Connected by Poincaré Inequality
Published:
While studying two seemingly irrelevant subjects, probability theory and partial differential equations (PDEs), I ran into a somewhat surprising overlap: the Poincaré inequality. On one hand, it is not out of the ordinary for analysis based subjects to share inequalities such as Cauchy-Schwarz and Hölder; on the other hand, the two forms of Poincaré inequality have quite different applications.
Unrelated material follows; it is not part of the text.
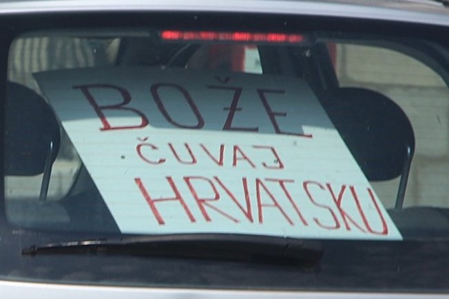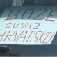 Riječ je o naslovu pjesme 'Bože čuvaj Hrvatsku' Đanija Maršana. Ne zna se je li povod što Hrvatska danas igra svoju prvu utakmicu na Europskom prvenstvu, zato što se raspada Vlada ili je vozač jednostavno obožavatelj Đanija Maršana, ali natpis je svakako privlačio pozornost prolaznika, ali i našeg fotografa.

In this blog post, I hope to put together some excellent content I studied recently, specifically from:
- Concentration Inequalities by Boucheron, Lugosi, and Massart (2013)
- Partial Differential Equations by Evans (2010)
A Simple Inequality
We first state a very simple version of the inequality:
Theorem (A Simple Poincaré Inequality) Let \(\Omega \subset \mathbb{R}^n\) be open and bounded, and let \(f \in C^1_c(\Omega)\) (differentiable with compact support). Then there exists a constant \(C\) that depends only on \(\Omega\) such that:
\[ \left\lVert f \right\rVert_{L^2(\Omega)} \leq C \lVert \nabla f \rVert_{L^2(\Omega)} \]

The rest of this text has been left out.